[Items from a dataset]
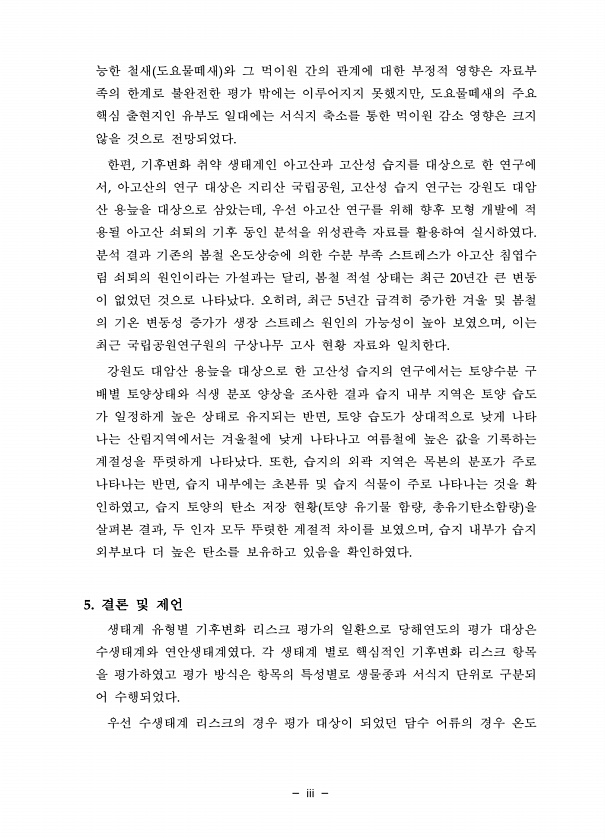 제목 : (2019) 생태계 기후변화 리스크 평가 및 적응대책 연구
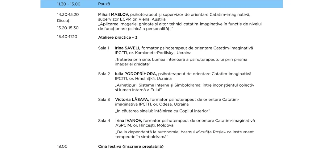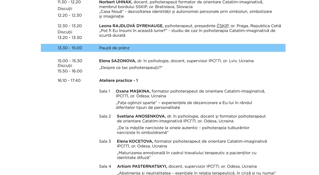 Această a doua ediție a conferinței se concentrează pe explorarea metodelor psihoterapeutice care susțin dezvoltarea unei identități coerente și a autonomiei personale – doi piloni esențiali ai maturizării psihice.
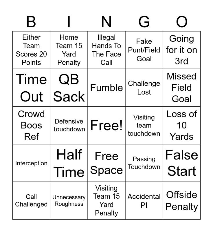 This bingo card has a free space and 36 words: Home team touchdown, Made Field Goal, Two Point Conversion, QB Sack, Passing Touchdown, Interception, Fumble, Touchdown 40 yards, Going for it on 3rd, Trick Play, Defensive Touchdown, Fake Punt/Field Goal, Reversed Call, Visiting team touchdown, Missed Field Goal, Either Team Scores 20 Points, End Zone Celebration, Half Time, Offside Penalty, Illegal Hands To The Face Call, Loss of 10 Yards, False Start, Unnecessary Roughness, Call Challenged, Visiting Team 15 Yard Penalty, Home Team 15 Yard Penalty, Crowd Boos Ref, Challenge Won, Challenge Lost, Time Out, Roughing The Passer, Kickoff Returned For a TD, Accidental PI, Free Space, Roughing The Kicker and Pick 6.
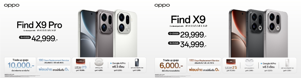 เป็นเจ้าของ OPPO Find X9 Series ได้แล้ววันนี้ โดย OPPO Find X9 Pro มาพร้อมความจุ 16+512GB ใน 2 สี ได้แก่ สีขาว Silk White และสีเทา Titanium Charcoal ในราคา 42,999 บาท ส่วน OPPO Find X9 มีให้เลือกสองรุ่นความจุ 12+256GB และ 16+512GB พร้อมมีให้เลือก 2 สี ได้แก่ สีเทา Titanium Grey และสีดำ Space Black ราคาเริ่มต้นที่ 29,999 บาท เปิดจำหน่ายพร้อมกันทั่วประเทศ ณ OPPO Brand Shop ทุกสาขาและตัวแทนจำหน่ายทั่วประเทศ พร้อมโปรโมชั่นสุดพิเศษช่วงเปิดตัว
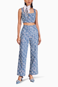 Featuring the All About You Denim Co-ord Set from House of Zeniaa's Rodeo Blue Collection. This versatile ensemble includes a textured denim crop top paired with straight-fit denim pants. Elevate your style with a white shirt underneath and accessorize with chunky pieces and pumps.
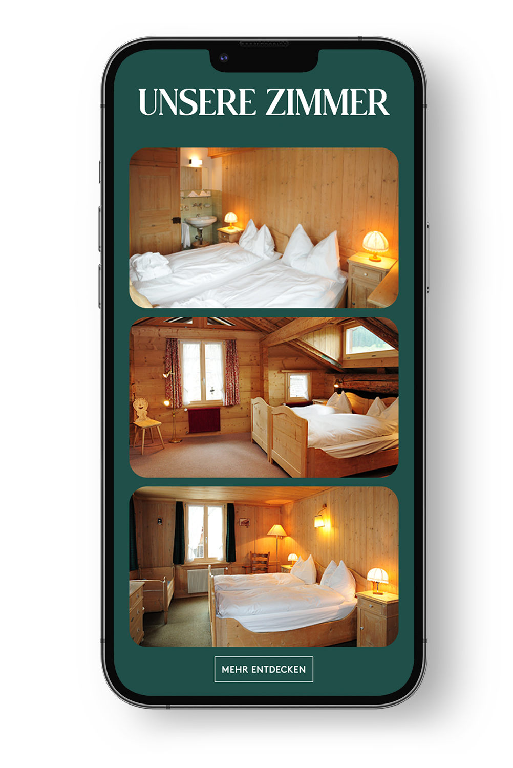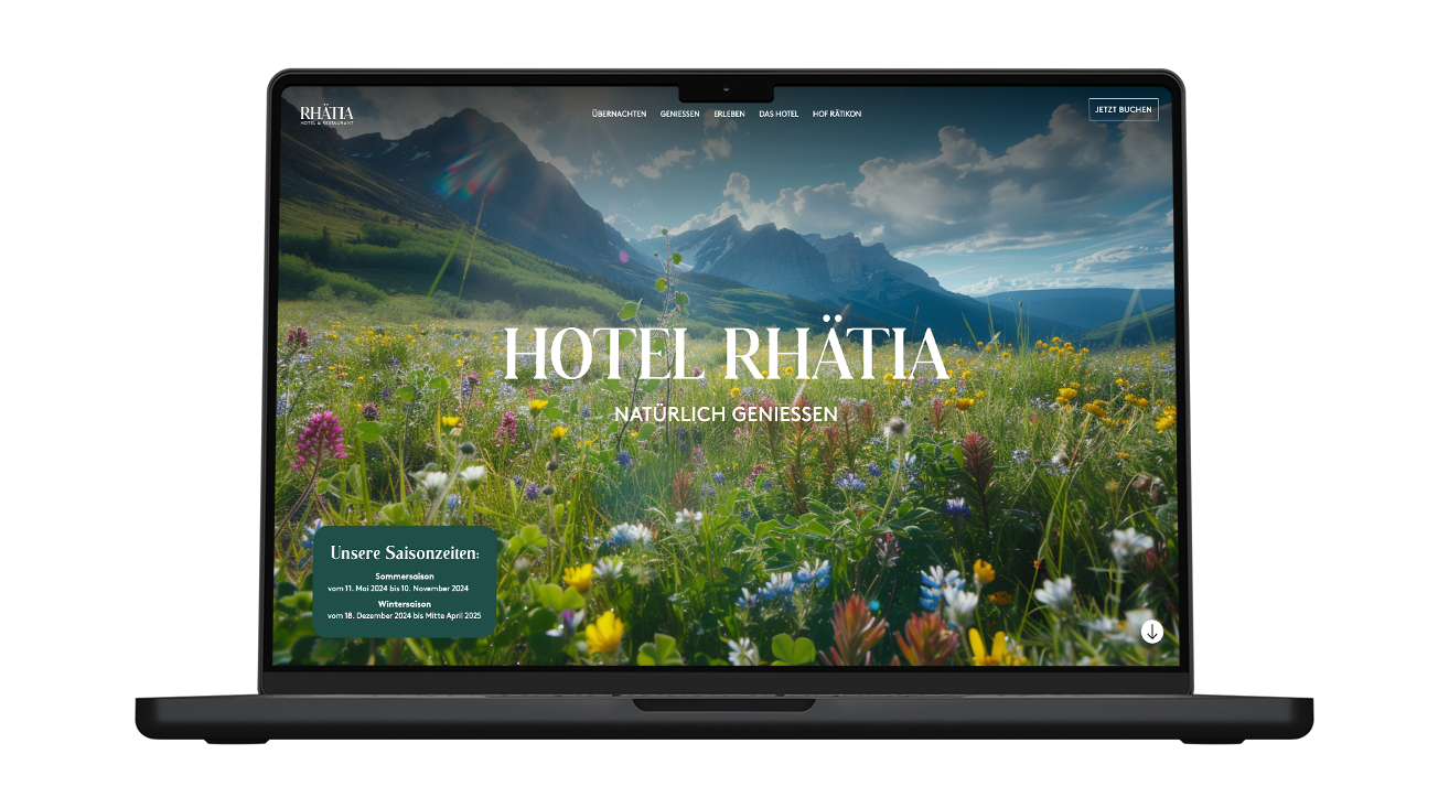 Unsere Mission bei der Gestaltung der Website war es, eine benutzerfreundliche und optisch ansprechende Plattform zu schaffen, die den Charme und die Gastfreundschaft des Hotel Rhätia einfängt. Die Farbpalette wurde bewusst in dunklen Grüntönen gehalten, um die alpine Landschaft und die natürliche Umgebung von St. Antönien widerzuspiegeln. Diese Farbwahl schafft eine beruhigende und gleichzeitig edle Atmosphäre.
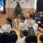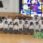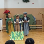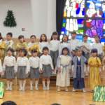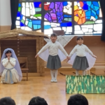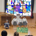 むかし、イエス様がベツレヘムの馬小屋でお生まれになった聖なる出来事を、年長組が賛美と言葉で『ページェント』としてあらわしました。
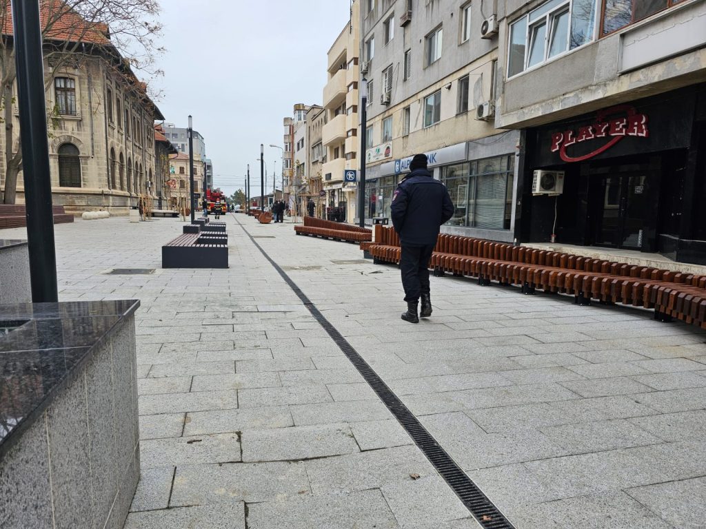 Militarii din cadrul ISU Dobrogea au intrat cu autoscara pe strada Ștefan cel Mare, care este în curs de reabilitare, pentru a reașeza țiglele acoperișului Colegiului Național Mircea cel Bătrân.
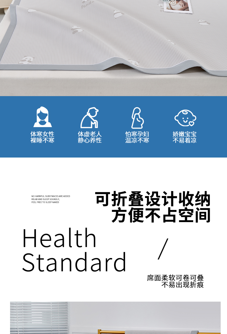 (总)小牛席业 2026新款小清新凉感冰丝席席子凉席,粉色,灰色,蓝色,香槟
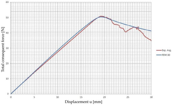 An average experimental curve was calculated and used to calibrate the CZM parameters. The comparison between the experimental results from the tensile tests conducted on the T-joint specimens and the simulated load vs. displacement plot is shown in Figure 16.
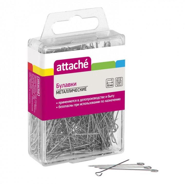 Металлические булавки Attache серебристого цвета имеют длину 30 мм. Используются для скрепления документов и для прикрепления объявлений на пробковые доски. В пластиковой упаковке с европодвесом 500 булавок.
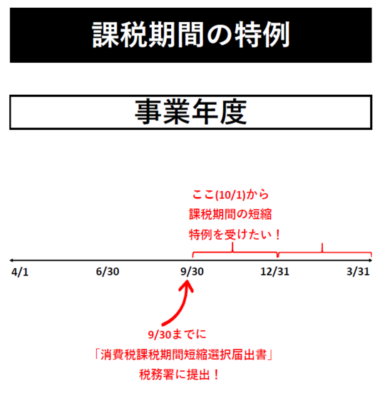 この「消費税の課税期間の短縮の特例」を適用すれば、
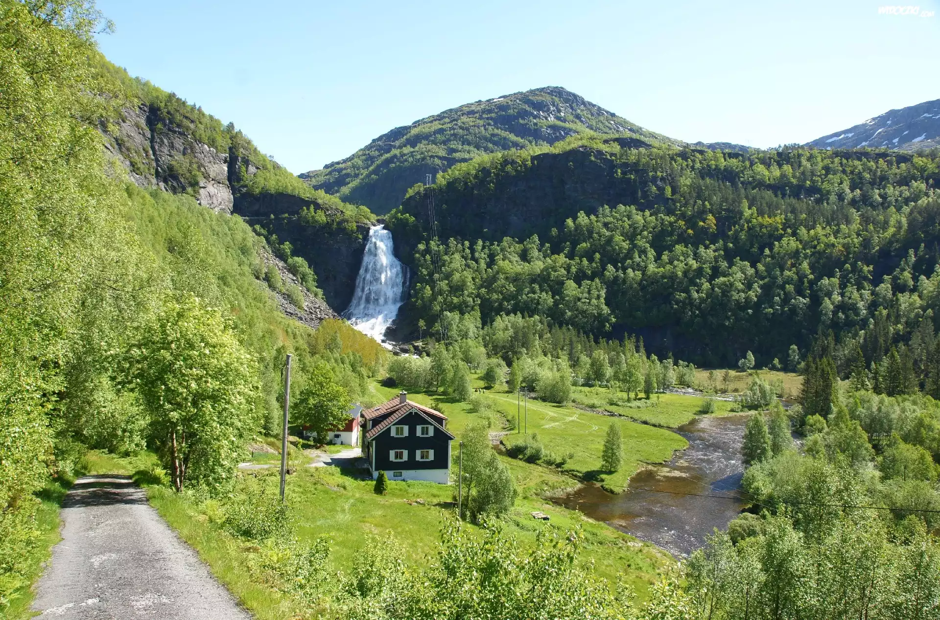 Zdjęcia, Droga, Góry, Wodospad, Drzewa
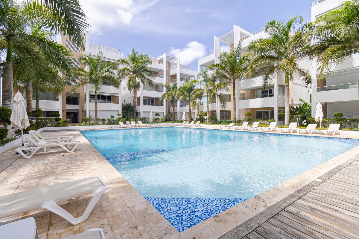Relájese en un cómodo departamento junto a la piscina, a solo 10 minutos a pie de la playa, con wifi Starlink, cortinas opacas, espacio de trabajo, balcón privado y acceso a la piscina. Tenga en cuenta que, en este momento, hay obras de construcción cercanas durante el día y es posible que se escuche algo de ruido. Recomendamos este alojamiento para los huéspedes que planean disfrutar de Bayahibe durante el día y regresar para relajarse por la noche.
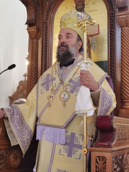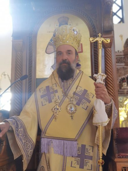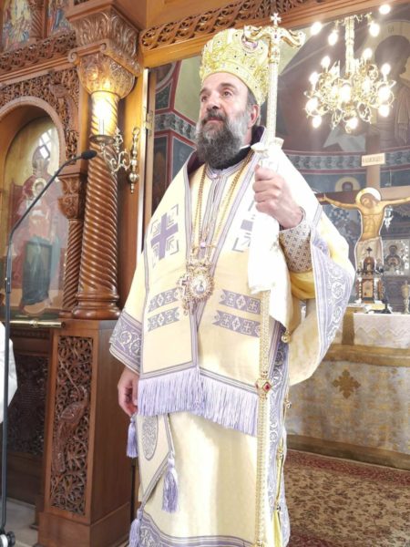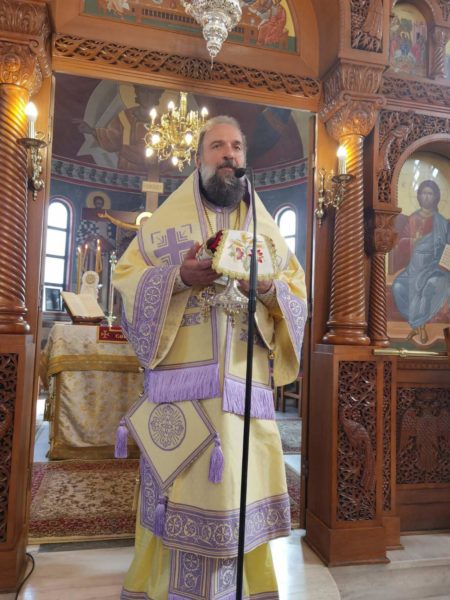 Τον Σεβασμιώτατο πλαισίωσαν ο αιδεσιμολογιώτατος Γενικός Αρχιερατικός Επίτροπος της Ιεράς Μητροπόλεως, πρωτοπρεσβύτερος π. Νικόλαος Σιγάλας, ο αιδεσιμώτατος πρεσβύτερος π. Κυριάκος Καραμολέγκος και ο ιεροδιάκονος π. Νεκτάριος Σάκκας. Κατά τη διάρκεια του Κοινωνικού ανεγνώσθη η διατεταγμένη από την Ιερά Σύνοδο της Εκκλησίας της Ελλάδος Εγκύκλιος με αφορμή τη συμπλήρωση πενήντα ετών από την τουρκική εισβολή στην Κύπρο.

What needs to be done ▸ For this exercise, reproduce exactly the lines of the records above from the one with "この「消費税の課税期間の短縮の特例」を適用すれば、" up to and including the one with "Relájese en un", without pictures.

Answer for this exercise ▸
 この「消費税の課税期間の短縮の特例」を適用すれば、
 Zdjęcia, Droga, Góry, Wodospad, Drzewa
Relájese en un cómodo departamento junto a la piscina, a solo 10 minutos a pie de la playa, con wifi Starlink, cortinas opacas, espacio de trabajo, balcón privado y acceso a la piscina. Tenga en cuenta que, en este momento, hay obras de construcción cercanas durante el día y es posible que se escuche algo de ruido. Recomendamos este alojamiento para los huéspedes que planean disfrutar de Bayahibe durante el día y regresar para relajarse por la noche.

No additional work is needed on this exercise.